Pathophysiological Changes in Female Rats with Estrous Cycle Disorder Induced by Long-Term Heat Stress

Abstract

High-temperature exposure is detrimental to women's reproductive health; however, the impact caused by long-term high temperature is not comprehensive, and a stable model of estrous cycle disorder induced by a high temperature is yet lacking. Herein, we aimed to establish a stable and effective model of estrous cycle disorder in female rats induced by long-term heat stress to study its physiological and pathological characteristics and explore the underlying mechanism. In the present study, female Sprague-Dawley rats with normal estrous cycles were exposed to the temperature of 38 ± 0.5°C, relative humidity (RH) of 55 ± 5% (2 h/d, 1 time/d) hot cabin at more than 90 days. Consequently, after long-term heat stress, no difference was detected in body weight and rectal temperature, but the estrus cycle was prolonged, the uterine organ index was increased, pathological changes occurred, the increase latitude of stress hormones heat shock protein 70 (Hsp70) and corticosterone (CORT) decreased, estradiol (E₂) and luteinizing hormone (LH) levels decreased, follicle stimulating hormone (FSH) and prolactin (Prl) levels increased, gonadotropin-releasing hormone (GnRH) and thyroid hormone (T₄) showed no difference, and insulin (INS) decreased significantly. Moreover, the mRNA expression of the sex hormone receptor in the uterus and ovary was altered. Therefore, the estrous cycle disorder in female rats can be induced by regular heat stress for 90 days, which can be considered the pioneer method. Subsequently, prominent physiological and pathological characteristics and disruption in the hypothalamic-pituitary-gonadal (HPG) axis were noted.

Figure 1

Estrous cycle disorder model in female animals induced by high temperature. (a) Change in body weight of female rats in heat stress (n = 10). The body weight of the rats was measured every 10 days. (b) Effects of heat exposure on T_core (n = 10). The T_core of the two groups of rats was determined in the rectum at 5 cm by an animal rectal thermometer every 10 days. (c) Microphotographs (10 × 40) of cellular characteristics for the identification of the estrus stage.
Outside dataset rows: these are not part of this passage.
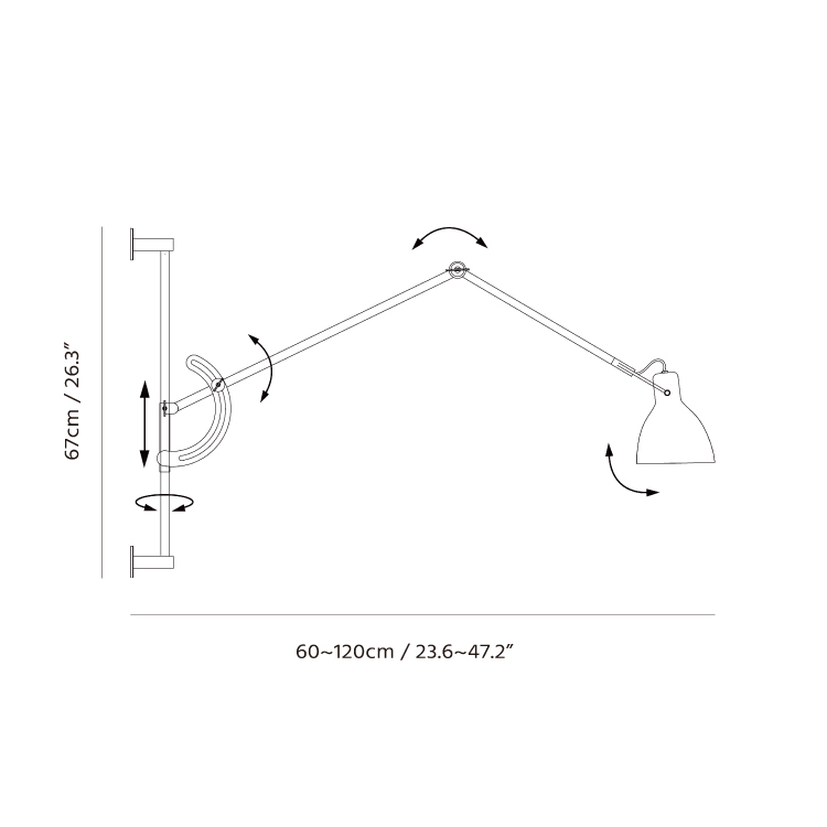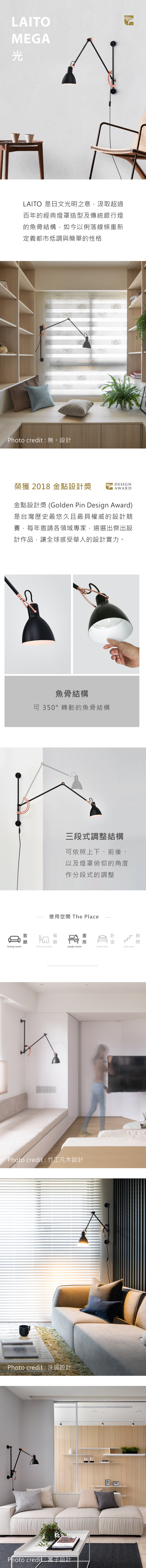 Laito 是日文的「light 光明」之意,燈罩是現代主義中超過百年的燈飾經典造型。Laito Mega 俐落的線條、霧面烤漆與局部銅色點綴,重新定義都市低調與簡單的性格。搭配圓規式的調整結構、可 350° 轉動的魚骨結構,適用於現代生活的複合式多元居家空間,同時也闡述對復古的眷戀。
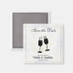 Anpassad design med ditt eget spara datum magneter med briden och brudgummens namn och bröllop. Färgfullt vin-glas med snabb bakgrund.
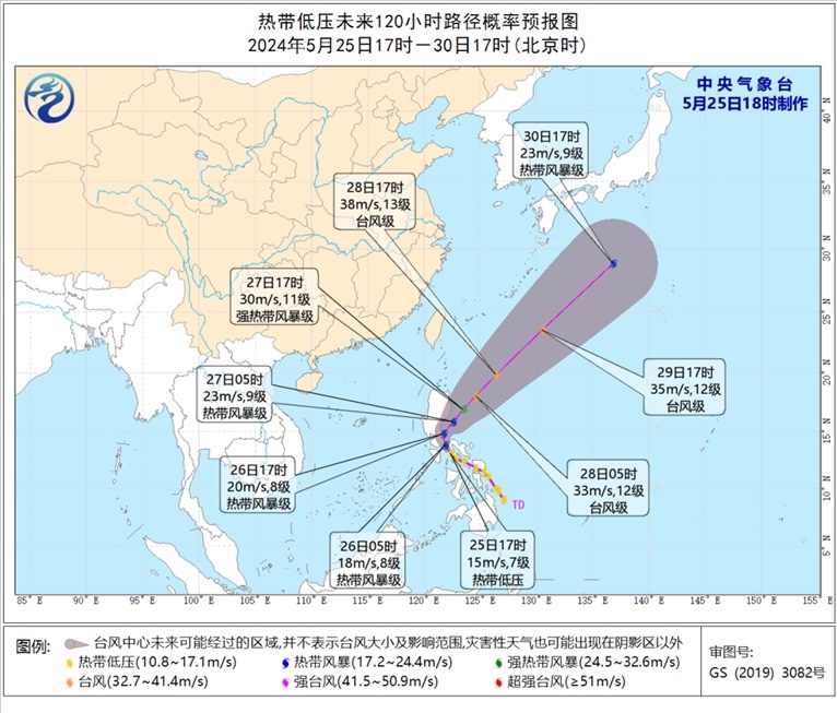 再看看菲律賓附近熱帶低壓,其中心今天下午5點鐘位于菲律賓馬尼拉東南方大約225公里的菲律賓群島中部,預計將于未來12小時內(nèi)加強為今年第1號臺風,明后天將在菲律賓呂宋島東部海面逐漸轉(zhuǎn)向東北方向移動。
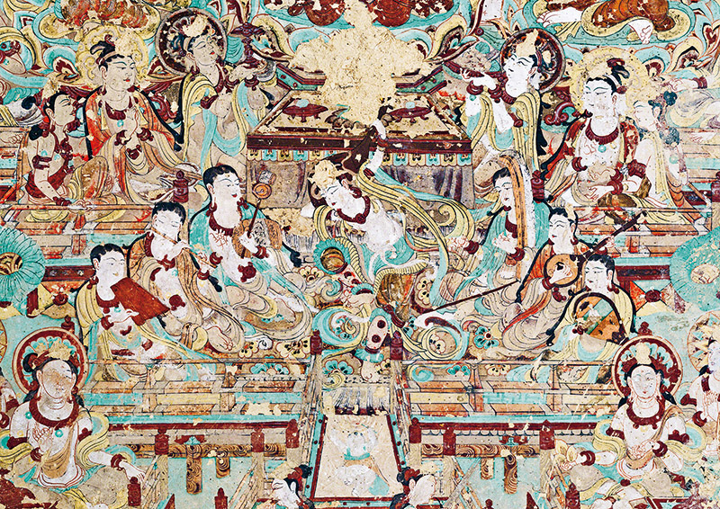 敦煌文化延續(xù)近兩千年,是世界現(xiàn)存規(guī)模最大、延續(xù)時(shí)間最長(zhǎng)、內(nèi)容最豐富、保存最完整的藝術(shù)寶庫(kù),是世界文明長(zhǎng)河中的一顆璀璨明珠,也是研究我國(guó)古代各民族政治、經(jīng)濟(jì)、軍事、文化、藝術(shù)的珍貴史料。圖為莫高窟第112窟南壁壁畫(huà)“反彈琵琶樂(lè)舞圖”?!《鼗脱芯吭汗﹫D

Proestrus smear mainly consisted of nucleated epithelial cells (I); an estrus smear primarily consisted of anucleated cornified cells (II); a metestrus smear consisted of the same proportion among leukocytes anucleated cornified cells, and nucleated epithelial cells (III); and a diestrus smear primarily consisted of leukocytes (IV). (d) Effects of heat exposure on cumulative estrous cycle disorder rate (n = 22). (e) Effects of heat exposure on periodic numbers (n = 22). (f) Effects of heat exposure on estrus cycle duration (n = 22). (g) The content of serum Hsp70 in the heat stress group (n = 10). (h) The content of serum CORT in the heat stress group (n = 10). The protein concentration of serum Hsp70 and CORT was detected by ELISA. The blood samples from the medial canthus of two groups' rats were collected at day 0, day 1, and day 90. Values were presented as mean ± SEM. ^∗P < 0.05 and ^∗∗P < 0.01vs. the control group, ^#P < 0.05 and ^##P < 0.01vs. the heat stress group (day 0), and ^△P < 0.05 and ^△△P < 0.01vs. the heat stress group (day 90).

Figure 2

Long-term heat stress decreased the organ index of the uterus and affected the histopathology of the ovary. (a) Effect of heat exposure on the indexes of reproductive organs (n = 10). (b) Photomicrographs of the rat uterus and ovary by H&E staining (n = 3). The rat ovary (I), uterus (horizontal III and V; vertical VII and IX) in the control group. The rat ovary (II) and uterus (horizontal IV and VI vertical: VII and X) of the heat stress group. Scale bar = 100 μm. (c) Graphical representation of uterine epithelial height (n = 10). Values are presented as the mean value ± SEM. ^∗P < 0.05vs. the control group.

Figure 3

Long-term heat stress disrupted the levels of sex hormones and neuroendocrine hormones in female rats as assessed by ELISA (n = 10). (a) The content of serum T, P, E₂, LH, FSH, and Prl in the two groups of rats. (b) The content of serum T₄, GnRH, and INS in the two groups of rats. Values were presented as mean ± SEM. ^∗P < 0.05 and ^∗∗P < 0.01vs. the control group.

Figure 4

Expression of TR, ER-α, FSHR, LHR, PR, and PrlR genes in the reproductive organs of the two groups rats (n = 10). (a) Gene expression of sex hormone receptors in the uterus. (b) Gene expression of sex hormone receptors in the ovary. The level was represented as the mean value ± SEM. ^∗P < 0.05vs. the control group.